3. A priori SNR estimation Wiener filtering
The Signal-to-noise ratio measure in frequency domaine Wiener filter could be a posteriori or a priori. If it's a posteriori, it could be easily computed by:$$SNR_{post}=\frac{|X(k)|^2}{\mathbb{E}|N(k)|^2}$$because we know $|X(k)|$ is the noisy spectrum and $\mathbb{E}|N(k)|^2$ is the average magnitude of noise signal when there is no speech activity. The two variations of parametric implicit Wiener filtering utilise exactly this a posteriori SNR ratio.
The a priori one is defined by:$$SNR_{prio}=\frac{\mathbb{E}|S(k)|^2}{\mathbb{E}|N(k)|^2}$$However, we do know the $S(k)$ which is exactly the clean speech we want to obtain. Article "SPEECH ENHANCEMENT BASED ON A PRIORI SIGNAL TO NOISE ESTIMATION" introduced a iterative method to estimate the $SNR_{prio}$ which is called "decision-direct" estimate by the author.
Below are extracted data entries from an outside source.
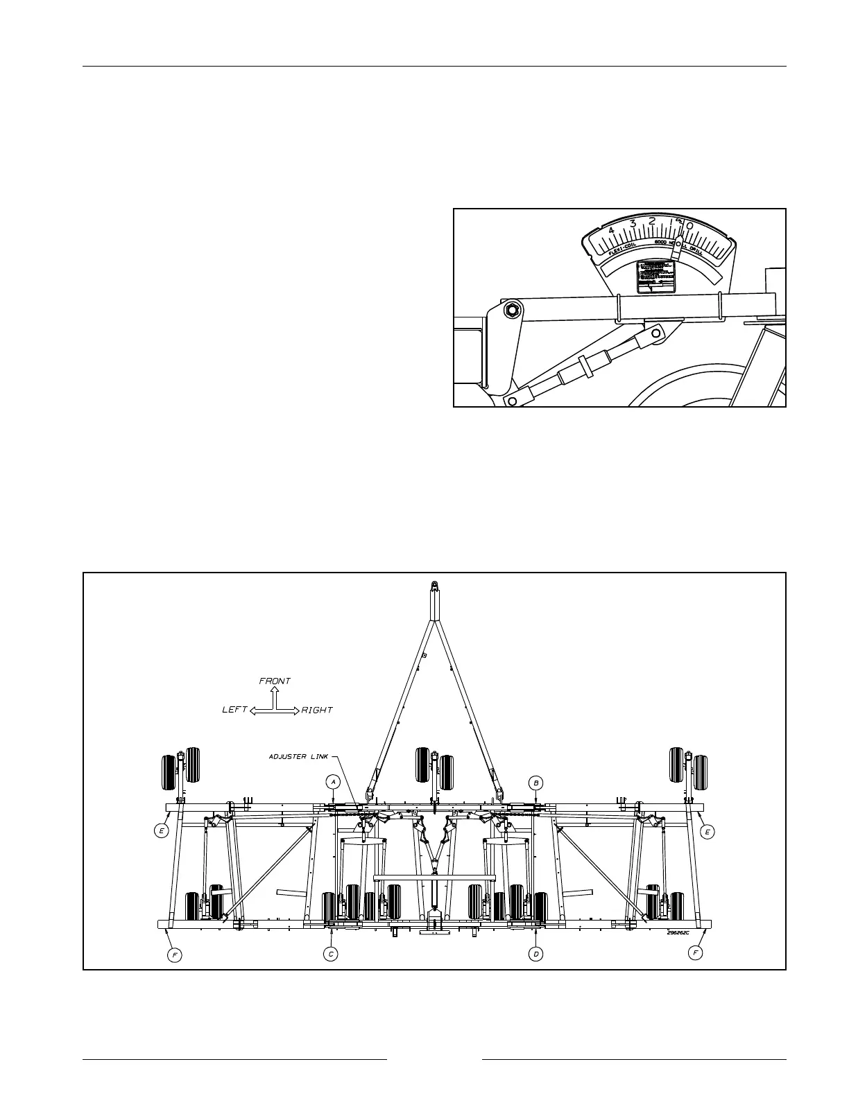 The depth gauge is mounted to the front gauge wheels and is intended as a reference only. Actual working depth of the air
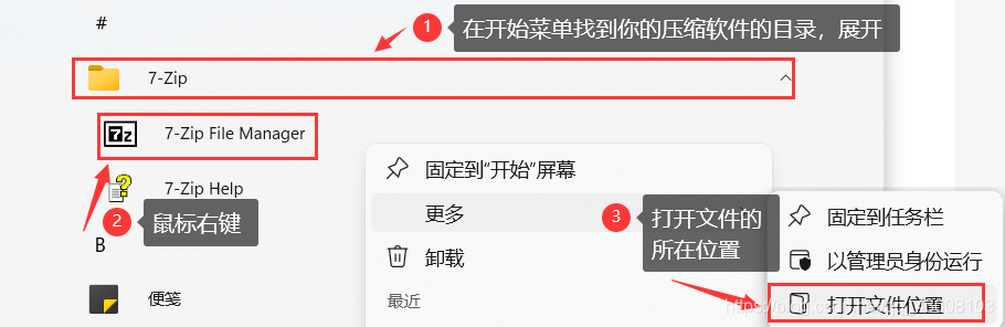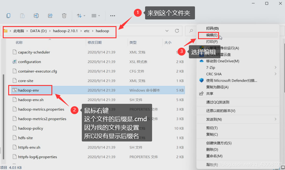 解压hadoop的压缩包需要管理员权限,推荐使用WinRAR,7-Zip或者Bandizip解压,因为我试过像2345好压和360压缩都解压不了,我这里用的是7-Zip
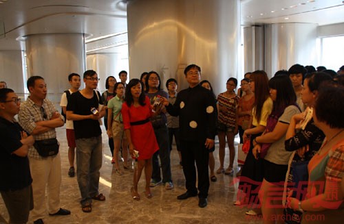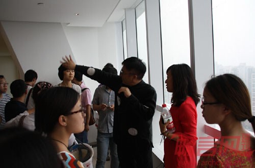 讲座之后,扎哈·哈迪德事务所的两位项目负责人带领到场嘉宾对建筑整体以及各个局部空间进行了专业的参观,并为大家做了专业的讲解。参观过程中,两位设计师不仅对设计细节、技术问题进行重点介绍,同时对嘉宾们提出的技术难点、造价成本、参数化设计、机电设备等方面的问题给予详细解答。每参观到一处都要驻足多时,从而也使得整个项目参观环节持续了两个多小时之久。大家在亲身感受项目设计细节之后,纷纷表示不虚此行,收获颇丰。
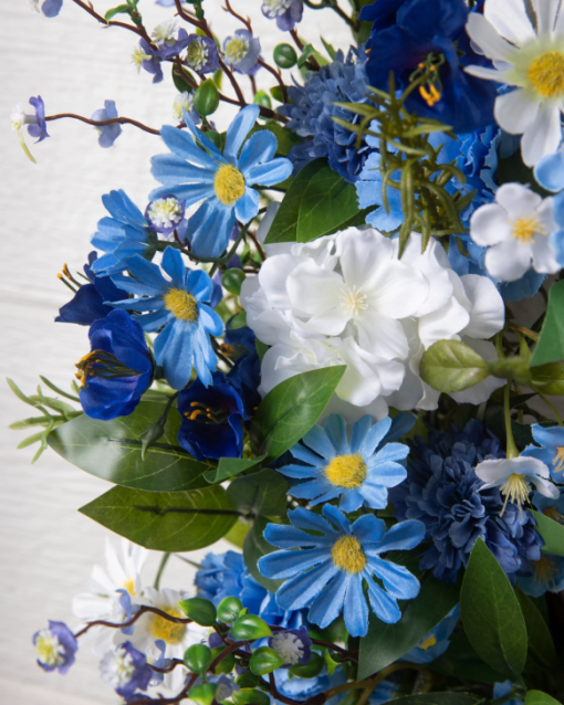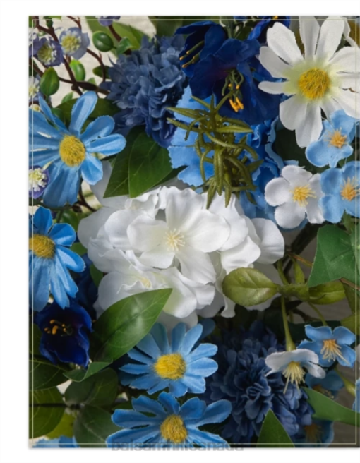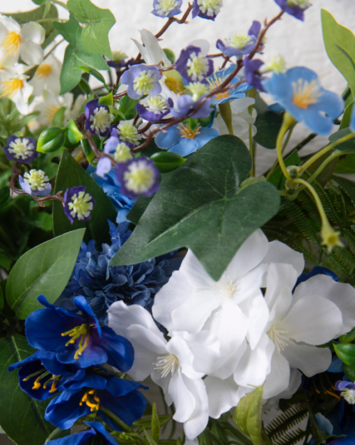 - All products in this collection feature an array of daisies, forget-me-nots, lisianthus, baby’s breath, and ivy leaves.
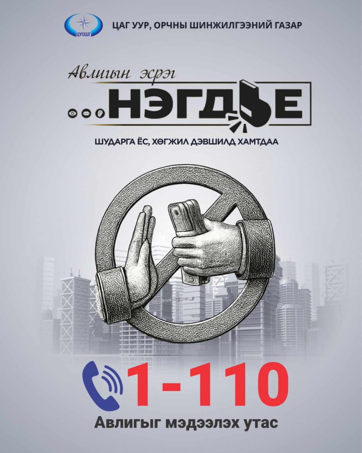 Харилцаа холбооны зохицуулах хорооны 2025 оны 190 дүгээр тогтоолоор Авлигатай тэмцэх газрын гомдол, мэдээлэл хүлээн авах 110 тусгай дугаар нь 1-110 (нэг, нэг зуун арав) дугаар болж өөрчлөгдөн 2026 оны 01 дүгээр сарын 12-ны өдрөөс ажиллаж эхлээд байна.
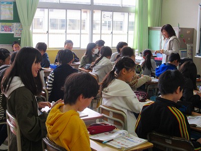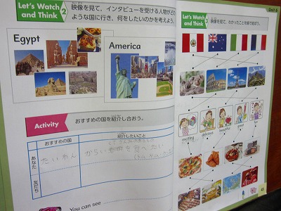 5年生が英語活動に取り組んでいました。どのような国へ行って、その国で何がしたいのかを言い表す学習でした。「I want to go ~.」「You can see(eat,buy) ~.」の表し方を学んでいました。
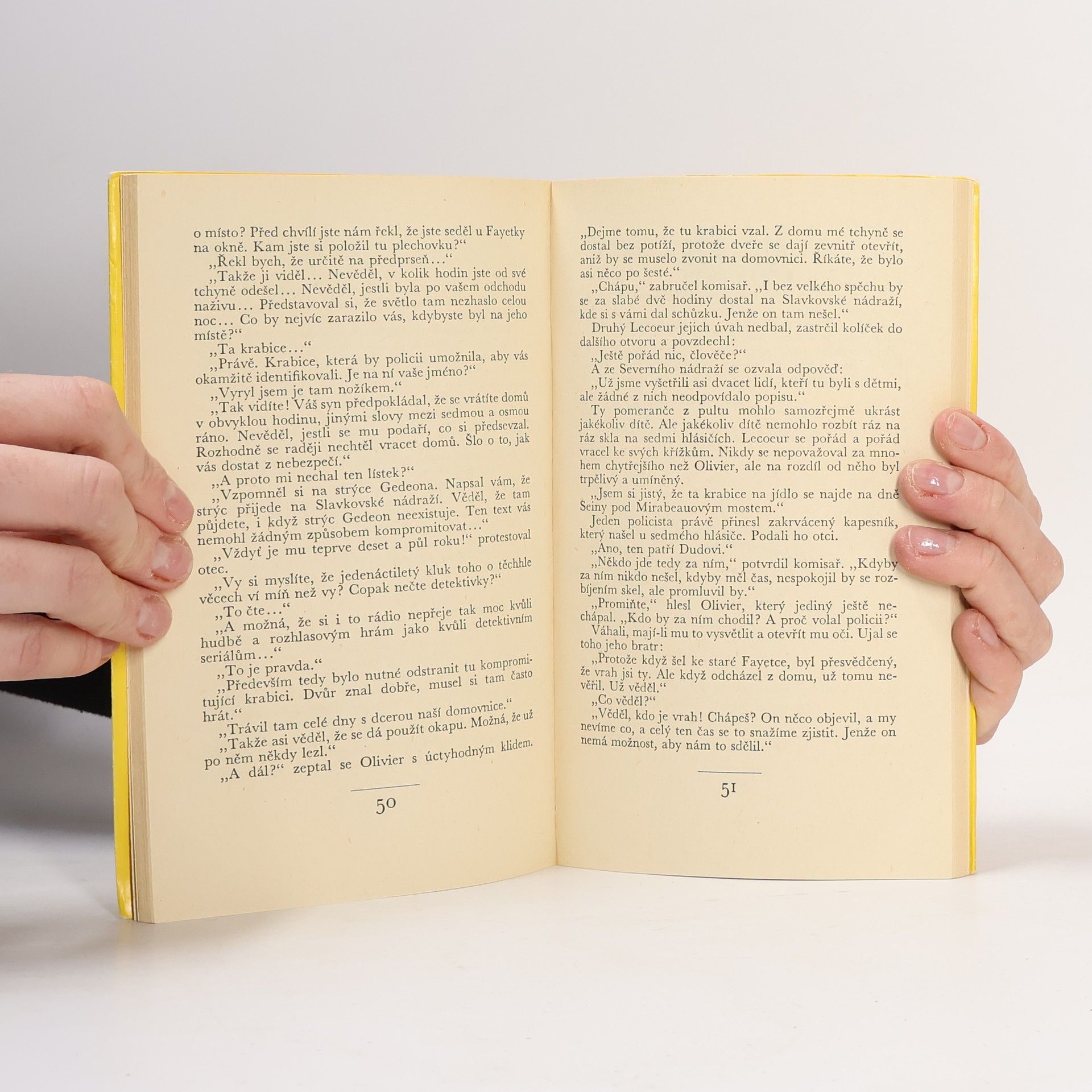 Dvě kriminální povídky známého francouzského spisovatele. Hlavními hrdiny jsou malí chlapci, kteří se stávají náhodnými svědky zločinů a ocitají se v nebezpečí života. V obou povídkách však spíše než na okolnosti zločinů a jejich pachatele, soustřeďuje autor pozornost na psychikudětského myšlení a jednání, vžívá se do tohoto světa a v čisté krystalické podobě vytváří živou atmosféru prostředí i postav.
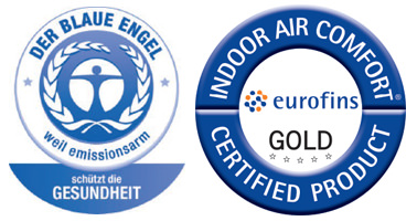 EUROFINS Indoor Air Comfort GOLD – Златната ознака за квалитет на внатрешниот воздух. Eurofins Indoor Air Comfort сертификационата програма ги комбинира критериумите на задолжителните и на доброволните регулативи, одредени од страна на националните сертификациони организации и приватните сертификациони тела, како што се Blue Angel, M1, AgBB, AFSSET и други.
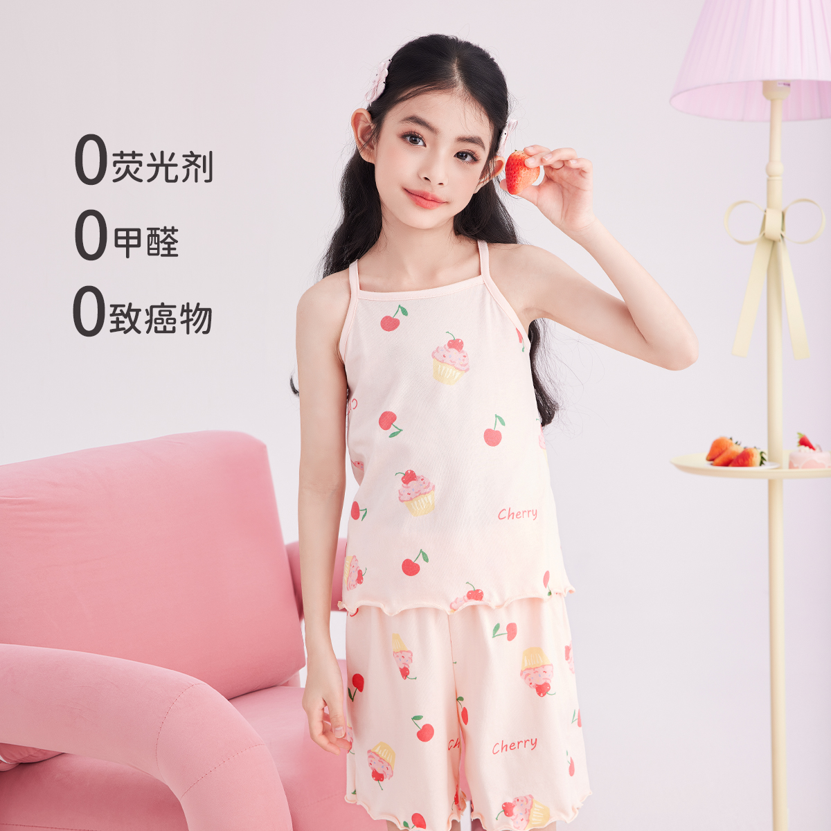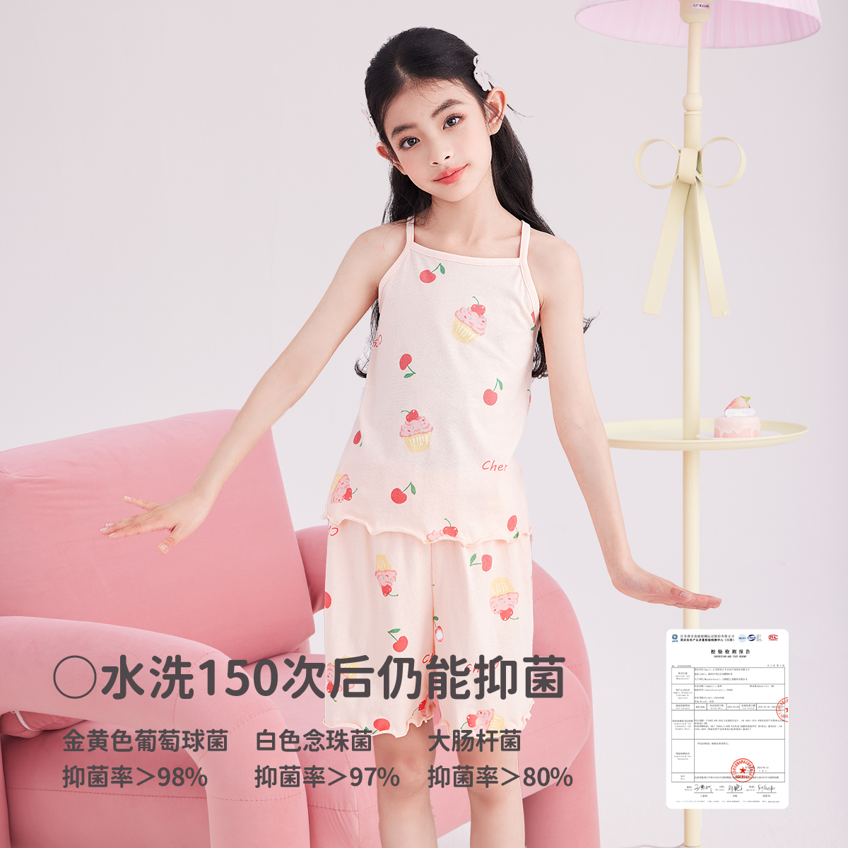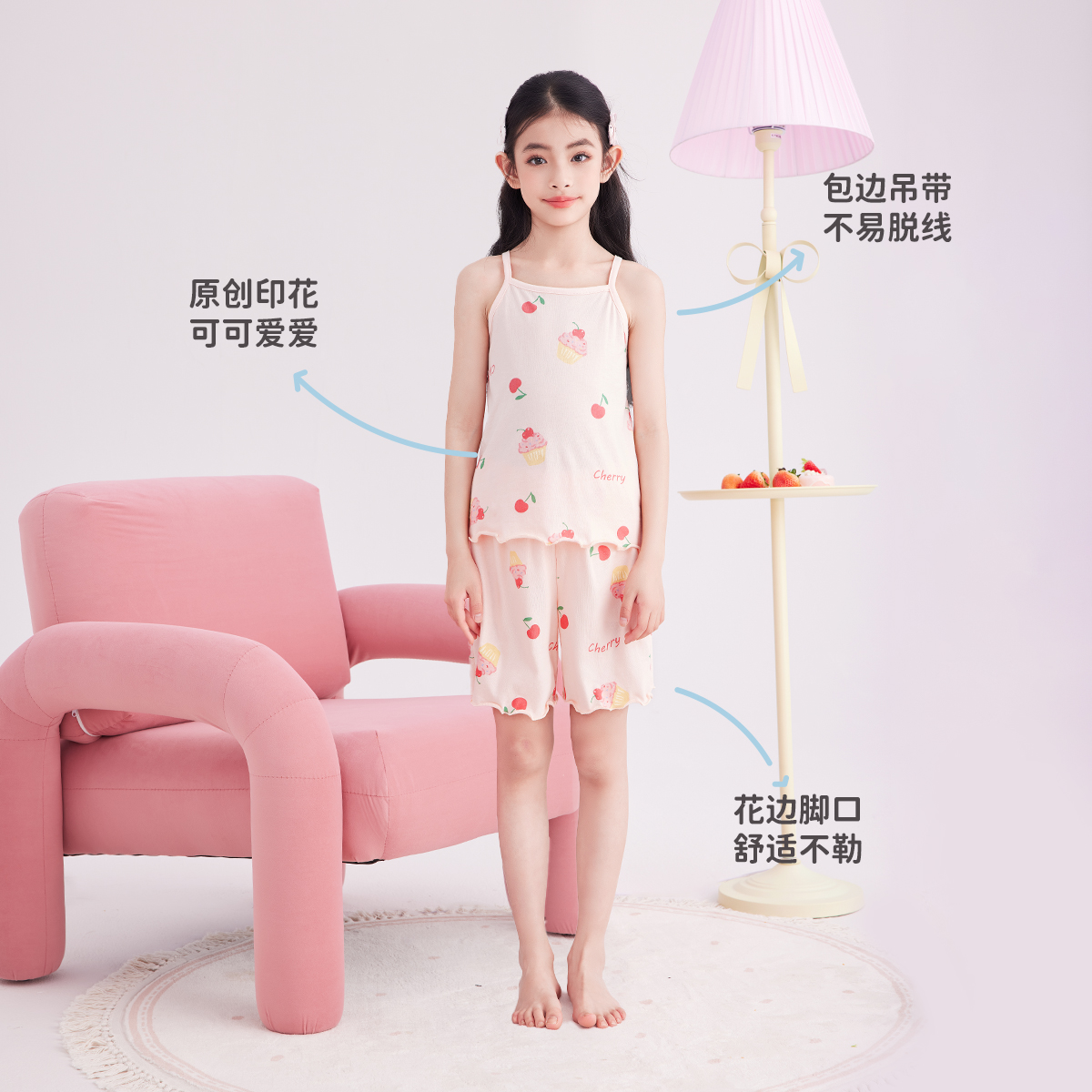 deesha笛莎女童吊带背心短裤套装夏季纯棉睡衣A类抑菌薄款家居服
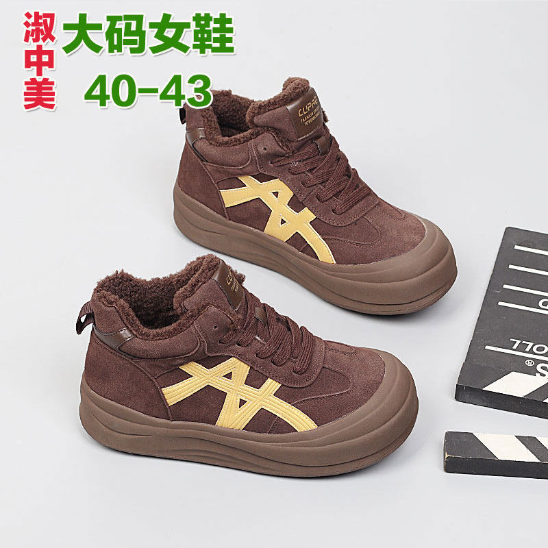 📚 加大码脚宽胖肥女鞋41一43休闲特大号棉鞋2025冬季板鞋加绒高帮鞋
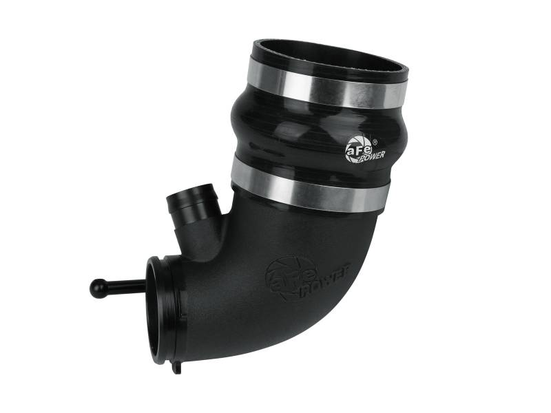 This turbo inlet is the perfect addition to your aFe air intake system. It removes restriction of the factory turbo inlet and guarantees increased air flow for maximum power. It provides a smooth transition for the air from the aFe air intake tube to the turbo with minimum restriction. The cast aluminum design has CNC machined ends for a perfect fit and finish. The part is anodized black for durability and a stealthy appearance. This turbo inlet utilizes a flexible silicone coupling that is reinforced with two layers of polyester material, making it resistant to wear and deterioration. The silicone coupling mates directly to the aluminum turbo adapter and the aFe air intake tube. All necessary clamps are provided. This turbo inlet utilizes the factory O-Ring and screw and comes with the necessary clamps and coupler to fit perfectly with your aFe air intake system.

The Matlab code of this method written by Esfandiar Zavarehei can be easily download from his website (youpi!). He translated the formulas of the article into code except having changing some notations. For the reason of legibility, I changed them back.
The "NoiseMargin" variable in his function "vad" is worth paying attention to. Because it indicates that a short-time frame would be considered as noise or speech. For instance, if the SNR ratio of noisy speech is 0dB, we assign 12dB to NoiseMargin, it turns out that almost all the frames will be indicated as noise.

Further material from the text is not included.